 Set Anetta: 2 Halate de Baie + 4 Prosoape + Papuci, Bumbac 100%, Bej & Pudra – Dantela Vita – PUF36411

★ ★ ★ ★

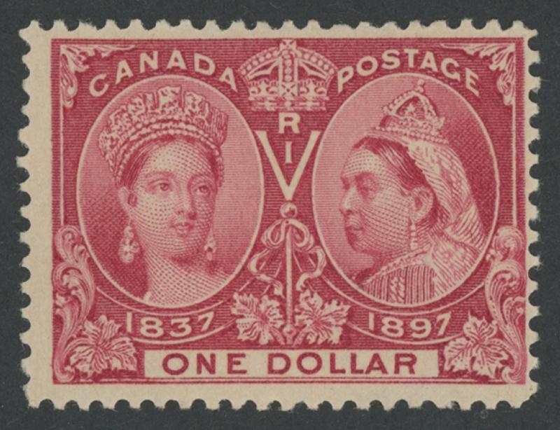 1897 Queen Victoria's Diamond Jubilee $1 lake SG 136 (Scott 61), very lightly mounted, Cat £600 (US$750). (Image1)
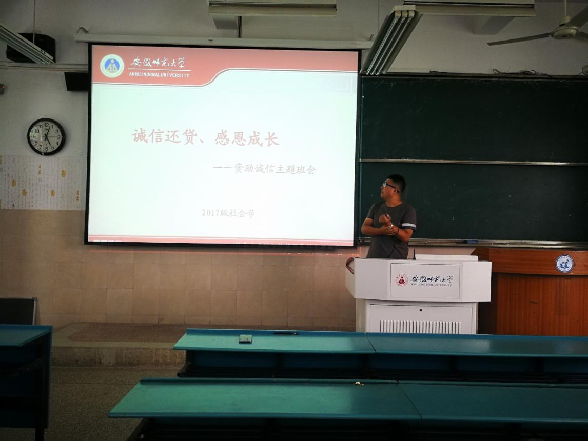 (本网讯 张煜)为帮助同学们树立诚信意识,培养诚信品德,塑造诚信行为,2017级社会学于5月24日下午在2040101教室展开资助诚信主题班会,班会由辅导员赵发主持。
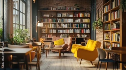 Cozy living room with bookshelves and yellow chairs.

★ ★ ★ ★

EXERCISE DETAILS:
In the entries above, find the line containing "1897 Queen Victoria's" and the line containing "Cozy living room", then copy both and every line between them exactly, without any picture.

RESPONSE BOX:
 1897 Queen Victoria's Diamond Jubilee $1 lake SG 136 (Scott 61), very lightly mounted, Cat £600 (US$750). (Image1)
 (本网讯 张煜)为帮助同学们树立诚信意识,培养诚信品德,塑造诚信行为,2017级社会学于5月24日下午在2040101教室展开资助诚信主题班会,班会由辅导员赵发主持。
 Cozy living room with bookshelves and yellow chairs.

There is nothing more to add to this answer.